After the Canalside campaign ended, the same coalition of community groups pushed for a CBA related to continued expansion of the Buffalo Niagara Medical Campus. That effort also failed to produce a legally binding agreement. Once again, however, the Brown administration included CBA-like provisions in the sale of a city-owned parking ramp to the medical campus.
Learning from failure
John Goldstein, the national CBA expert, is familiar with Western New York: He offered advice and support to both the Canalside and the medical campus campaigns.
Goldstein said that Western New Yorkers ought not be discouraged by past failures. He said his database of CBAs around the country provides plenty of examples of what works, both in the agreements themselves and in the campaigns to win them.

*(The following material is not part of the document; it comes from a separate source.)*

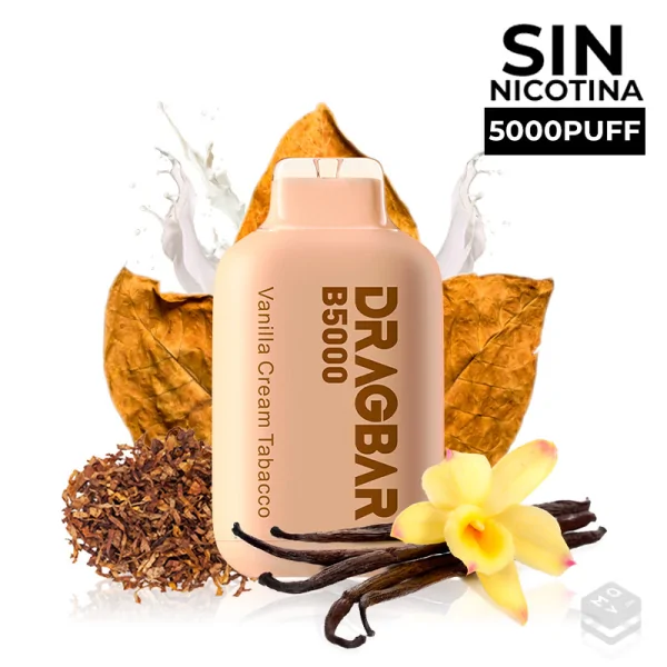 Vaper Desechable SIN NICOTINA Dragbar B5000 Vanilla Cream Tabacco by Zovoo. Atrévete a disfrutar de la mejor sensación gracias a los matices aportados por las mejores hojas de tabaco.

It also includes some cautionary tales.
“There’s a big junkyard of troubled development agreements and failures,” he said.
Among the failures are two agreements for heavily subsidized New York City projects — one for the Atlantic Yard development in Brooklyn, the other for the new Yankee Stadium in the Bronx. The provisions of those CBAs were never monitored or enforced, because the coalitions that won them evaporated once the campaigns were over.
Some coalitions have been undermined by elected officials working on behalf of developers, Goldstein said, citing campaigns in Pittsburgh and Detroit.
Others have faltered because they failed to understand the project and its financing, the power dynamics supporting or opposing the project, and the points at which decision-making is subject to public pressure.
Still others have failed because they did not provide for an independent body to monitor compliance and extract penalties if the developer doesn’t hold up its end of the bargain.
One of the architects of a groundbreaking 2001 CBA for the Staples Center in Los Angeles was a community activist and attorney named Madeline Janis, now executive director of Jobs to Move America, which advocates for investment in public transportation projects.
Goldstein described Janis as “sort of the godmother” of the CBA movement.
According to Goldstein, Janis’s first piece of advice for coalitions seeking CBAs is to shoot for the moon.
“She always said the biggest mistake that coalitions make is not asking for enough,” Goldstein said. “They’re afraid. People are afraid. We’re so used to settling for so little.”